Catlady (Rita Prince Winston) catlady at wicca.net
Sun Sep 30 04:01:51 UTC 2007


--- In HPFGU-OTChatter at yahoogroups.com, "Geoff Bannister"
<gbannister10 at ...> wrote:

> Well, it's certainly nothing like bread....

What counts as being 'like bread'? To me, cake is something like bread
(with banana nut bread being more like cake than like bread and
cinnamon raisin bread being on the border) and muffins are something
like bread and biscuits (in the American sense -- what do Brits call
them?) and rolls are something like bread. 

The pastry part of pastry is something like bread, altho' the whipped
cream and jam and chocolate syrup are not like bread. Actually, I
think meringues (the ones I've had, which may not have been very good
specimens of the breed) are a little like bread even tho' they're made
entirely of whipped egg white and sugar and lots of heat, enough to
make them solid and crisp all the way through, not of bread stuff. 

And cookies (what Brits call biscuits) range from something like bread
to pieces of fudge with no batter-stuff involved. 

And waffles and pancakes are a little like bread, and French toast,
which is bread dipped in stirred up broken eggs and then fried, is
definitely eggy but nonetheless a little bit like bread... 

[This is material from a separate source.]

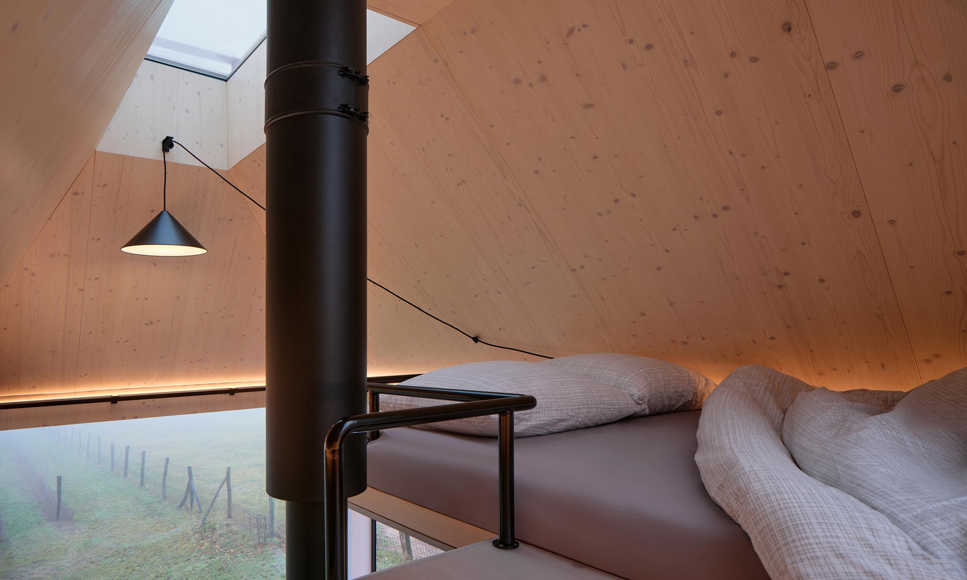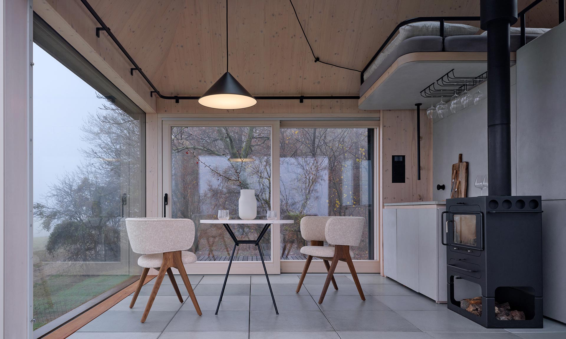 „Za hlavním obytným prostorem se nachází kompaktní kuchyňská linka a za ní koupelna se sprchovým koutem. Betonové umyvadlo umístěné přímo u okna nabízí výhled do lesa. Tento moment zpomaluje ranní rituál a propojuje každodenní život s přírodou. Večer nastává proměna. V interiéru visí lampa, jejíž kabel sahá až z podkroví. Po zatažení se lampa začne zvedat a odhalí prostor na spaní, který během dne zůstává skrytý. Absence pevného schodiště umožňuje, aby podkroví nebylo vizuálně přítomné. Schodiště je zasunuto ve skříni a působí jako regál, objeví se až v okamžiku potřeby. Podkroví má kontrastní atmosféru – místo prosklených stěn ho chrání hutný plášť střechy a uzavírá uživatele do intimního prostoru. Nad hlavou zůstává pouze stropní světlík určený k pozorování hvězd,“ dodávají.

However, I can't think of the stuffing of the Thanksgiving turkey as
being like bread, even though torn-up scraps of bread are a
significant ingredient.

I think the bread dough wrapped beef roast of which Steve bboyminn was
thinking may have been a beef Wellington. Altho' I think the one I had
once was wrapped in mashed potatoes instead.

And the Yorkshire pudding I had once was a lot like other rich hot-air
balloons of bread, such as paratha, and I can't remember the name of
the Mexican one (which is a dessert sweet). Like Steve, I was
surprised that it was beside the roast rather than around it. 

In both cases, the restaurant may have served food items that were not
the item whose name they masqueraded under.

And the name 'Yorkshire pudding', is it like 'Welsh rabbit' -- did
Yorkshiremen have the reputation of being poor or stingy, so that the
only thing they could afford for 'pudding' ('afters') was more of the
side dish of the main meal?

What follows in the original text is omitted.